The only moment that matters is right now

BRODY HALL, Copy Editor

I had been toying with the idea of writing this piece for a while, like the way a thought lingers, weaving itself in and out of your consciousness like an uninvited visitor, popping out of nowhere and begging for your attention. I think this may come from a place of anxiety, or maybe denial. To this, I’m still working out the details.

As a young American, I believe that knowledge is power and that power should be distributed among the classes and the people. To that, I believe that is the duty of any decent human being to share what they have learned so that maybe someone else in the same situation can learn something useful as well.

I would like to begin by saying that I am no expert—on anything. In all my years of living, I don’t think there’s been any skill of mine that has blossomed and grown to the point of perfection. Sure, I can read and write well, and I may know how to bartend—or what’s that fancy word now? Mixology? — but this is merely arbitrary to my entire point. I am, though, human enough to know that my experience is completely and utterly different than every other person on this planet. Even I, a firm believer in the concept of non-duality and that we really are just one, can understand that there will always be separations that divide us. But within those separations, the borders and the labels, provide us with all the more with perspective and wisdom.

I have learned that life goes on, to put it bluntly. At 22 years old, I have seen new children born, family and friends die and everything that can possibly lie between those two bookends. I have learned that at some point, you must give up your attachment to specific moments and realize there’s only one that matters: Right now.

Learning this is never easy; I can assure you of that.

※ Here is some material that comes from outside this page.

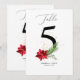 El diseño de los números de las tablas de verdor de las fiestas temáticas incluye botánicos de acuarela pintados a mano y un poinsettia rojo bonito. El diseño es moderno y sencillo, con un fondo blanco resplandeciente y acentuado con unas precipicios de oro a juego. #Navidades #Holidays #HolidayParty
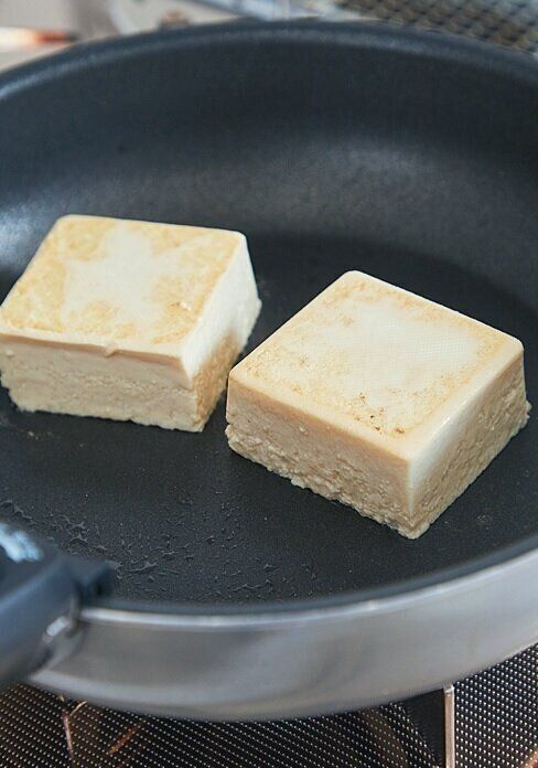 (1)のフライパンに豆腐を入れて、両面に焼き目がつくまで焼いて(1)の器に盛る。

At some point, you wake up with a hangover, realize the party’s over, clean up the beer cans and empty the ash trays and put yourself back in the motion of day-to-day life. You wake up thinking of something embarrassing you did or said years ago, calling yourself a fool. But eventually you fall back asleep. You’re getting a D+ in a course throughout the entire semester up until final’s week when all your extra credit that you’ve spent hours working on goes in and you get that B+ you knew you could get—but you don’t attribute it to your worth. Even if you did get a D, or even an F, you’d still live to tell the tale.

Friendships fade without you even noticing it. Your ex moves and gets engaged. You’re diagnosed with another kind of mental illness. “The Simpsons” are renewed once again. Things eventually always return to the bellowed state of normality.

There are moments when you’re crying over what you’ve lost, screaming that you’ll never go on, that you’ll never get over it. Somehow, though, months or maybe even years later, you look back at that blubbering, crying self and wonder who that person was. Why could they possibly have been crying over something like that? You don’t recognize yourself sometimes–whether that’s a good thing or a bad thing.

Life changes all the time, most of the time without us even noticing that something is different. As much fun as it would be to revisit our old selves and go through the same experiences one more time, just to soak it all in, it is best to remind ourselves that this is utterly impossible and can never happen. Being able to let go of what once was there and say hello to what’s to come is one of the most exciting and beautiful experiences that comes in life. The best part of finishing one novel is that you get to start a new one.

After all of this, I hope this meditation comes from a place of peace, perhaps even nostalgia. One where I can look back on it all, sad for it all to be over, but grateful I got to experience it all in the first place.

As a senior only months away from graduation, I have to say goodbye to my undergraduate experience and goodbye to most of my “young” adult life. Thank you for the laughter, crying, anxiety, smiling, road trips, late nights, fun, depression, aliveness, friends, love, emotion, passion, anger, teachers, healing, jobs, adventure and liberation.

Looking back on it all now, it was whirlwind of momentary madness. But in it, it was all that existed.